Une succession de plans d’austérité a déjà fortement dégradé la qualité des services publics et les conditions de travail des agents publics. Sous prétexte de pérenniser notre modèle social, les droits du plus grand nombre sont ainsi bafoués, sans que les dépenses faramineuses accordées à une minorité d’ultra-riches ne soient jamais remises en cause.

S’agissant des agents publics, outre la poursuite du gel de la valeur du point d’indice et du non versement de la garantie individuelle du pouvoir d’achat (GIPA), ainsi que le refus réitéré du rétablissement à 100 % du maintien de la rémunération des agentes et agents en congé maladie ordinaire – même pour les femmes enceintes (!) –, l’indispensable refonte des grilles indiciaires et la revalorisation des filières à prédominance féminine sont sans cesse reportées.

Malgré de fortes incertitudes concernant la procédure d’adoption du budget, la menace continue de planer.
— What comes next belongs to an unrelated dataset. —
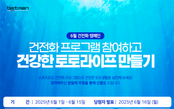 ‘스포츠토토 건전하게 이용하고 치킨 세트와 커피 교환권도 받아 가세요!’국민체육진흥공단이 발행하는 체육진흥투표권 스포츠토토의 공식 인터넷 발매사이트 베트맨이 2025년 5월 건전화 캠페인인 ‘건전화 프로그램 참여하고 건강한 토토라이프 만들기’ 이벤트를 오는 31일까지 진행한다고 밝혔다. 스포츠토토에서는 고객들이 체육진흥투표권을 더욱 건전하게 이용할 수 있도록 공식 인터넷 발매사이트인 베트맨을 통해 매월 ‘건전화 이벤트’를 기획해 제공하고 있다.참여를 원하는 사람들은 베트맨 이벤트 페이지에 접속해 로그인 후 ‘건전구매 바로알기’ 버튼을 이용한 건전화 영상 시청과 세 가지 ‘건전화 프로그램’을 모두 완료하면 캠페인 응모가 자동으로 완료된다. 먼저, ‘건전구매 바로알기’는 스포츠토토에 대한 올바른 구매 방법을 익히고, 건전하게 즐기는 방법 등을 안내하는 동영상이다. 해당 동영상을 시청하거나, 다운로드 시 벳볼 500개(1인 1회)가 지급되며, 바탕화면에 다운로드 하는 경우에도 동일한 혜택이 제공된다. 이어, 세 가지로 구성된 건전화 프로그램은 ‘셀프 진단평가’와 ‘셀프 구매계획’, ‘셀프 휴식계획’으로 나뉘어 있으며, 각각의 프로그램에 한 번씩 참여를 완료하면 된다.  ‘셀프 진단평가’란 회원 스스로 자신의 게임 성향을 진단해 게임 몰입도를 점검할 수 있는 프로그램이며, ‘셀프 구매계획’은 과도한 몰입으로 인한 부작용을 예방하기 위해 스스로 한 주 동안 구매 한도와 횟수를 미리 설정하는 시스템이다. 마지막 ‘셀프 휴식계획’은 스스로 스포츠토토 구매 휴식기를 약속하고 쉬어 가는 캠페인이다.  ‘건전구매 바로알기’와 세 가지 ‘건전화 프로그램’을 완료한 참여자들은 이번 이벤트에 자동으로 응모되며, 추첨을 통해 BHC 뿌링클 치킨 콜라 세트 교환권(10명)과 스타벅스 아메리카노 기프티콘(100명)을 증정한다. 더불어 이벤트 참여자 전원에게는 1인 1회에 한해 베트맨 사이트 내의 다양한 경품 응모가 가능한 벳볼 500개도 지급된다. 한편, 이번 이벤트는 오는 5월 31일까지 참여할 수 있으며, 당첨자는 6월 2일(월)에 공지된다. 자세한 내용은 베트맨 내 이벤트 페이지에서 확인할 수 있다. 안희수 기자

Cela promet d’affecter grandement les droits du personnel de l’Assemblée nationale, puisque les grandes réformes régressives sont toujours transposées rapidement dans notre régime, alors que les mesures représentant des avancées, même les plus petites, tardent souvent à l’être, quand elles le sont, et doivent à chaque fois, en tout état de cause, être négociées pied à pied avec le Collège des Questeurs.

Dans ce contexte, le SPAN-CGT s’associe au préavis de grève déposé par la CGT État (UFSE) pour la période du 10 septembre au 31 octobre 2025 que vous trouverez ci-joint.